The next car was a 1955 hardtop coupe Buick, maybe a Super or possibly a Century. My father was proud of how fast it was. This was the year model that Broderick Crawford drove in the late ‘50’s TV show Highway Patrol. I don’t have any pictures of that car, but here is one from the Internet.

buick 1955

Ours was also blue and white, although I remember the color as somewhat different.

The next Buick was a 1957, again, probably a Super. Here’s another Internet picture. Ours was a two-tone with cream and metallic bronze.

buick 1957

And then there was the 1964 Buick LeSabre, the first new car our family every bought. Again, no pictures of it, but here’s a very similar model from the Internet.

lesabre 1964This one is very similar to the one we had. It was a hardtop coupe with a roof styled to look like a convertible top.

Next came the 1966 Wildcat coupe. About the time my parents bought this car they got interested in recreational vehicles. They bought an Airstream trailer and towed it with the Buick. Here is my father with both of them.

buick with bd

This picture was scanned from a very dark slide, so the quality is not great.

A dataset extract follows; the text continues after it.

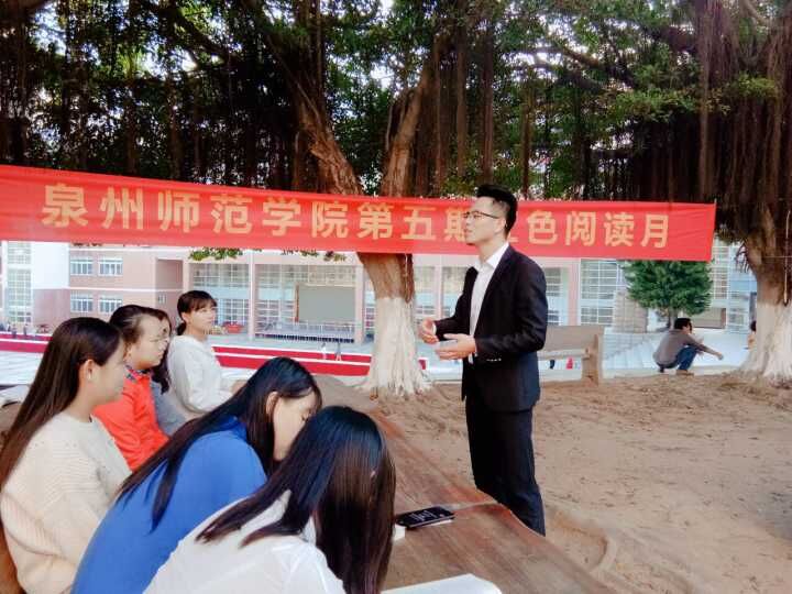 中山广场中心,教育与科学学院展示百米长卷,每一幅画讲述着不一样的故事;中山广场上的木桌部分区域,习近平新时代中国特色社会主义思想读书社开展泉师的第五期红色阅读月和习近平新思想的读书活动,邀请喜欢读书的同学与他们一起阅读和学习;在读书协会一旁摆放着手工协会制作的各种手工艺展品,每个手工艺都有着不一样的亮点映入眼帘。在中山广场的右侧,轮滑协会的小伙伴围着障碍物绕行,似乎与它们进行别样的交流。文科楼B一角,棋牌协会举行棋牌友谊赛,在这里可以看到各种爱好棋牌的人聚集于此。走到操场的足球场上,跆拳道协会和武术协会的成员们在这练习着他们的基本功和日常训练,即使有着汗水也乐在其中!校道上的鸟巢图书馆似乎也与往常有所不同,读者协会放置了琳琅满目的书籍,也在用自己的方式庆祝学校60周年华诞。校社联宣传部和摄影协会以及学生通讯社组织了一支摄影队伍和新闻队伍,对当天活动进行跟踪。

The Wildcat was definitely the sportiest and coolest of the Buicks my parents bought. I drove it a lot, since I turned 16 in 1966.

After that, RVing became more important to my parents, so their next car was not a Buick. It was a Jeep Wagnoneer, which was more suitable for towing a trailer. But they kept the Buick for a long time afterwards.

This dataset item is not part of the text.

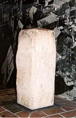 The Atlanta Zero Mile Post is a stone marker which marked the terminus of the Western and Atlantic Railroad in Atlanta, US. It was located in a disused building in Downtown Atlanta, within the Underground Atlanta Historic District, under the Central Ave. viaduct, between Alabama and Wall streets.[2][3] The Zero Mile Post was recognized with a historical marker by the Georgia Historical Commission in 1958[4] and entered into the National Register of Historic Places in 1977.[5] It was delisted in 2019.

I’m not a Buick man, but I have a soft spot in my heart for Buicks of a certain vintage. I can recognize Buicks and guess the year model from around 1949 to around 1967, which corresponds to just before my birth to around my 17th birthday. After 1966, Buicks and cars in general started meaning a lot less to me. I suppose for me it must be something like music; it seems that a person’s favorite kind of must is fixed sometime during their youth. That’s why I like rock and roll from the ‘60s and ‘70s, and that’s why I like cars from around the same time. If you gave me a choice between a new Corvette and a perfectly restored 1959 Corvette, it would be no contest.

My parents bought another Buick sometime in the 1980s (or so). I think it means something that I can’t remember what year model it was. After my father died, I urged my mother to trade it for a safer car; it had no airbags and the seatbelt was one of the type that was attached to the door so you had to slide in and close the door to have a seatbelt. She considered a 2000 Ford Taurus and a 2000 Buick. She bought the Buick.

Buick went through a bad spot for a few years before and after that model. To this day any time Leah sees a Buick of that vintage, she calls it a “Doris car.” It’s usually the same beige color of my mother’s. Apparently Buick recovered, since it survived General Motors’ near death, unlike Pontiac and Oldsmobile.

I’m not a Buick man today. If we had a pickup truck full of hundred dollar bills, I would probably buy some Buicks, but the newest would be at least 50 years old.